Na mídia tradicional chinesa em língua inglesa, "algumas reportagens podem aparecer por serem uma promoção do governo. Não acho que temos essa chamada tarefa. Apenas contamos histórias com um fator mais humano", disse Wei.

Mesmo assim, Wei reconhece os limites. "Talvez às vezes, quando reportagens são publicadas, possam surgir alguns comentários de certos departamentos do governo", ele disse. Quando lhe foi pedido que desse exemplos no "The Paper", ele respondeu: "Para mim, é difícil especificar um caso".

"The Paper" tem apelo em geral aos chineses com ensino superior e à geração do milênio, conhecida como geração "pós-anos 90" na China.

"É uma das poucas organizações de notícias daqui que ainda possuem conteúdo original, de qualidade", disse Feng Jingya, um analista financeiro de 24 anos de Pequim e leitor do "The Paper". "Eu sinto que muitos jornais e portais de notícias apenas copiam uns aos outros."

Feng apontou a recente cobertura pelo "The Paper" da venda de vacinas armazenadas de forma imprópria, um escândalo que colocou em dúvida a capacidade das autoridades chinesas de regular o atendimento de saúde. "Aposto que não muitas organizações de notícias daqui estão dispostas a dedicar tempo a uma cobertura em primeira mão ou tenham coragem para ser a primeira a dar esse tipo de notícia", disse Feng.

"The Paper" há muito se apresenta como diferente da mídia sufocada da China. Ávidos em abraçar a cultura de "startup" cheia de energia da China, os editores pediram a remoção das paredes internas de uma antiga redação de jornal quando lançaram o site em 2014, para que os jornalistas pudessem se comunicar mais facilmente. "A mídia chinesa tradicional tem pequenas redações com paredes", disse Wei.

O site ganhou nome com as histórias sobre corrupção, incluindo uma série detalhada, com gráficos interativos, sobre Ling Jihua, um ex-alto assessor do presidente Hu Jintao, que foi preso e acusado de corrupção, adultério e reunir de forma imprópria segredos do partido e de Estado.

A história principal na home pré-lançamento do "Sixth Tone", "Despertando para a ameaça da violência doméstica", espelha a ênfase do "The Paper" em notícias legais.
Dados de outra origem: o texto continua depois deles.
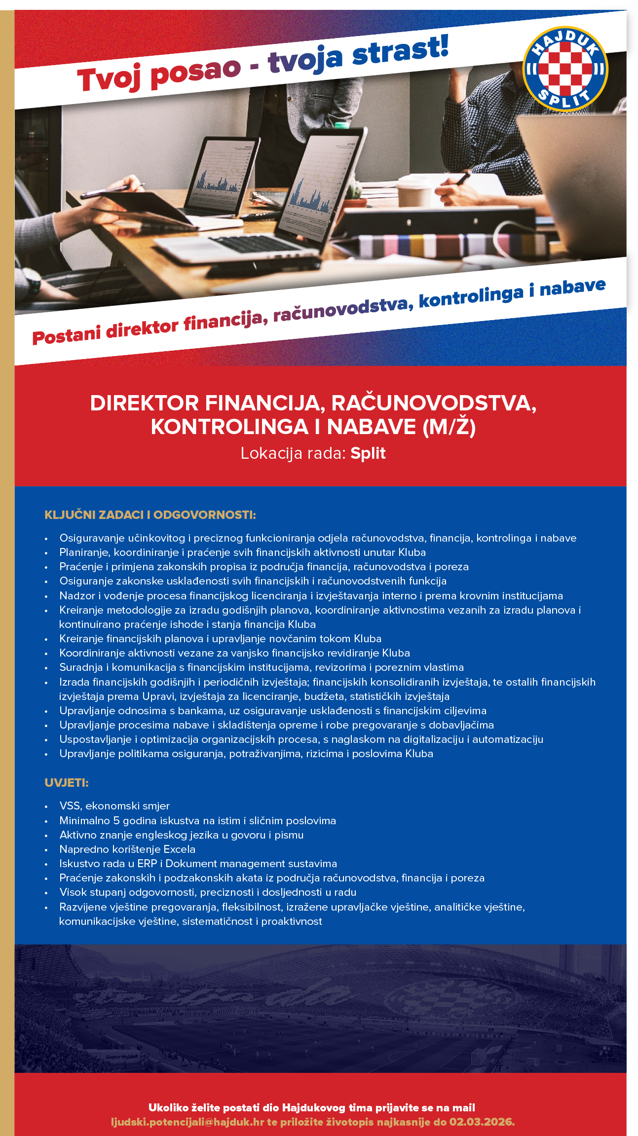Uprava HNK Hajduk s.d.d., VIII. Mediteranskih igara 2, Split, dana 20. veljače 2026. godine raspisuje natječaj za radno mjesto "direktor financija i računovodstva, kontrolinga i nabave".

Em 1º de março, a China aprovou sua primeira lei contra violência familiar.

Além dos 22 funcionários chineses e oito não chineses, o "Sixth Tone" usará os recursos do "The Paper", que inclui uma rede de cerca de 400 jornalistas de texto e multimídia, além de um drone. "Todos somos digitais. Nascemos para ser digitais. Queremos fazer jornalismo de dados, videojornalismo, gráficos, reportagens multimídia, vídeos panorâmicos, realidade virtual", disse Wei.

Seu proprietário, o Shanghai United Media Group é supervisionado pelo comitê municipal do Partido Comunista e é dono de vários outros veículos de comunicação chineses. O grupo está investindo inicialmente 30 milhões de yuans (cerca de R$ 17 milhões) no "Sixth Tone", que planeja ganhar dinheiro por meio de anúncios, disse Wei.

Wei espera que o nome do site reflita como querem ser vistos: o mandarim chinês tem cinco tons, incluindo o menos conhecido quinto, que é a ausência dos outros quatro tons. "Queremos ser o sexto. Queremos ser algo novo e diferente", ele disse.